I am currently working on clustering categorical attributes that come from a bank marketing dataset from Kaggle.我目前正在对来自 Kaggle 的银行营销数据集的分类属性进行聚类。 I have created the three clusters with kmodes:我用 kmodes 创建了三个集群:

Output: cluster_df Output: cluster_df

Now I want to visualize each row of a cluster as a projection or point so that I get some kind of image:现在我想将集群的每一行可视化为投影或点,以便获得某种图像:

Desired visualization所需的可视化

I am having a hard time with this.我很难做到这一点。 I don't get a Euclidean distance with categorized data, right?我没有得到分类数据的欧几里得距离,对吧? That makes no sense.这是没有意义的。 Is there then no possibility to create this desired visualization?那么是否有可能创建这种所需的可视化?

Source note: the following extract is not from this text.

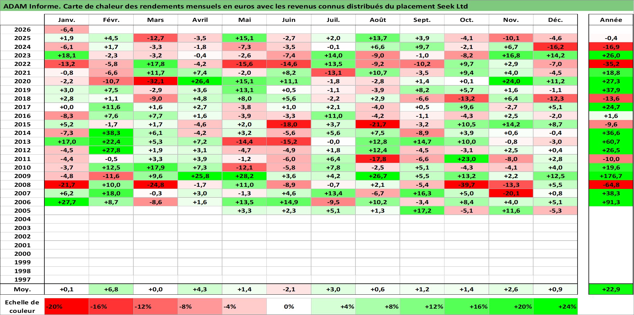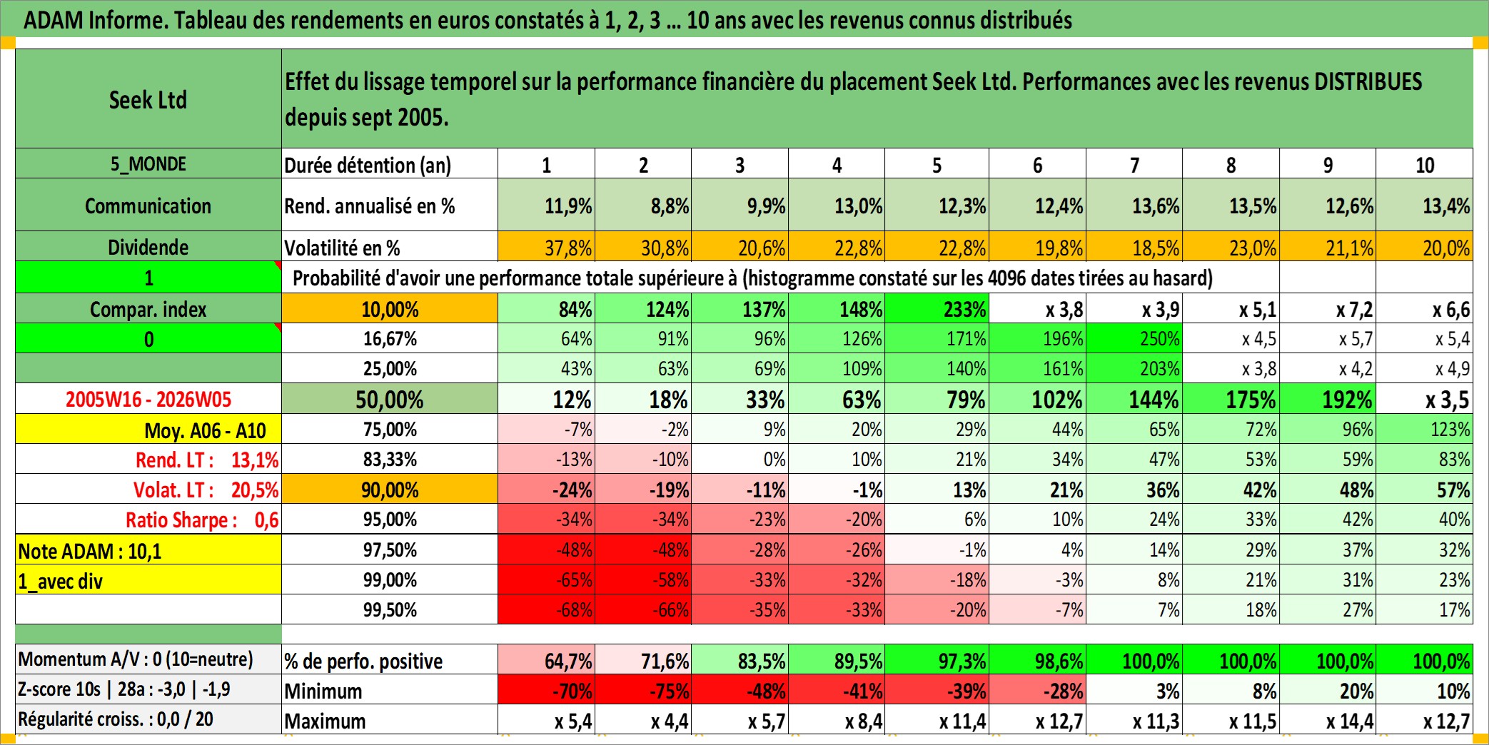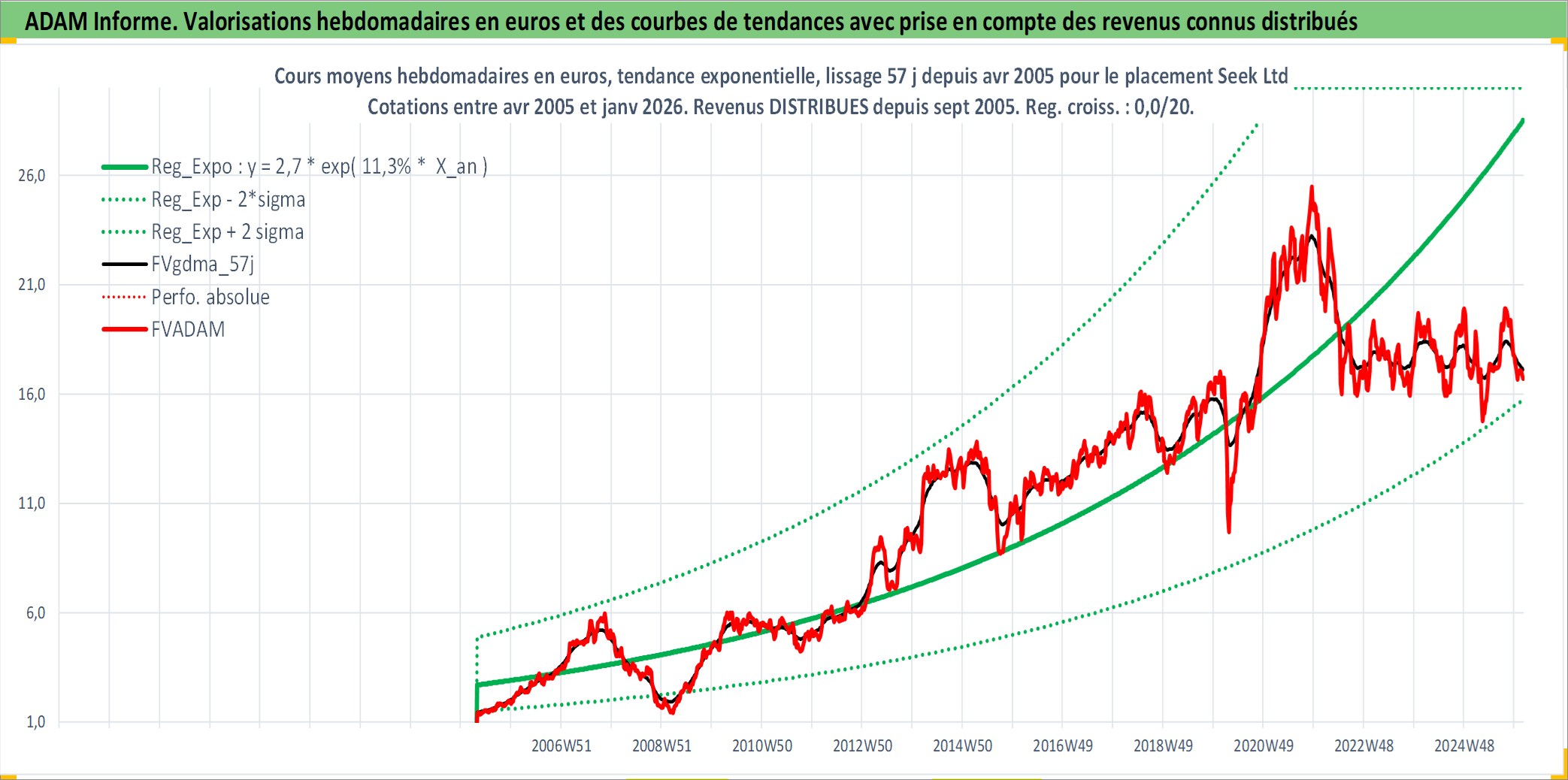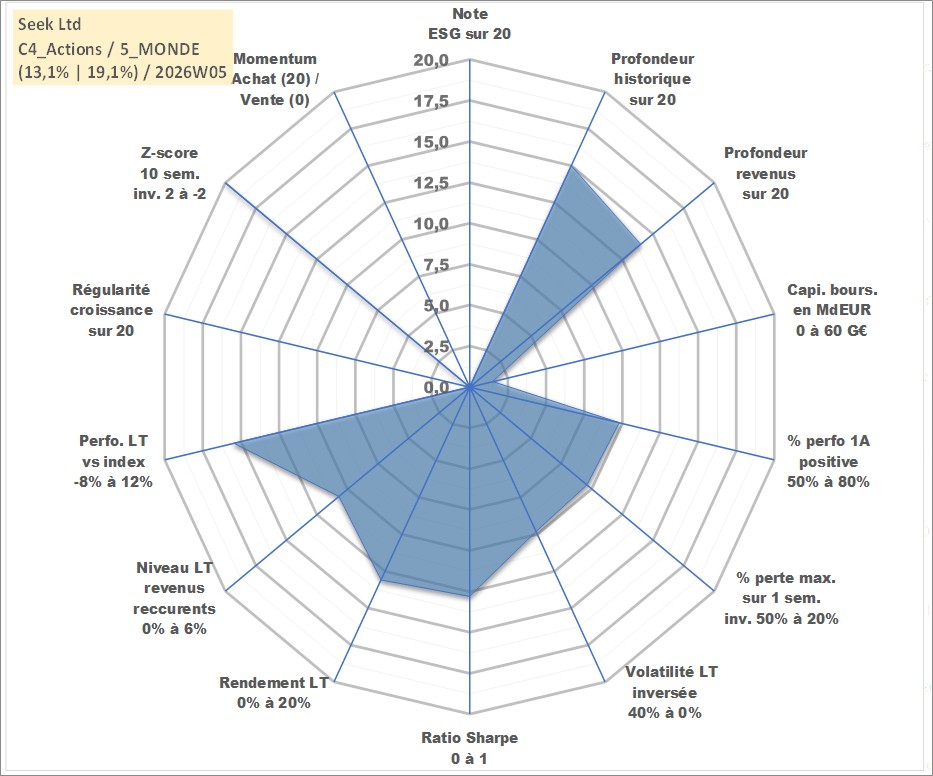 Site dédié aux investisseursPage dédiée sur site financeAnalyse des valorisations hebdomadaires de l'action Seek Ltd. Cet actif est cote en AUD. Les valorisations sont en contrevaleur EURO et couvrent les semaines 2005W16 a 2026W05. Les revenus de cet actif financier sont pris en compte depuis la semaine 2005W37. La note ESG de cet actif n'est pas connue.

The best way to visualize clusters is to use PCA.可视化集群的最佳方法是使用 PCA。 You can use PCA to reduce the multi-dimensional data into 2 dimensions so that you can plot and hopefully understand the data better.您可以使用 PCA 将多维数据减少为 2 维,以便您可以 plot 并希望更好地理解数据。 To use it see the following code:要使用它,请参阅以下代码:

from sklearn.decomposition import PCA
pca = PCA(n_components=2)
principalComponents = pca.fit_transform(x)
principalDf = pd.DataFrame(data = principalComponents
             , columns = ['principal component 1', 'principal component 2'])

where x is the fitted and transformed data on your cluster.其中 x 是集群上的拟合和转换数据。 Now u can easily visualize your clustered data since it's 2 dimensional.现在您可以轻松地可视化您的集群数据,因为它是二维的。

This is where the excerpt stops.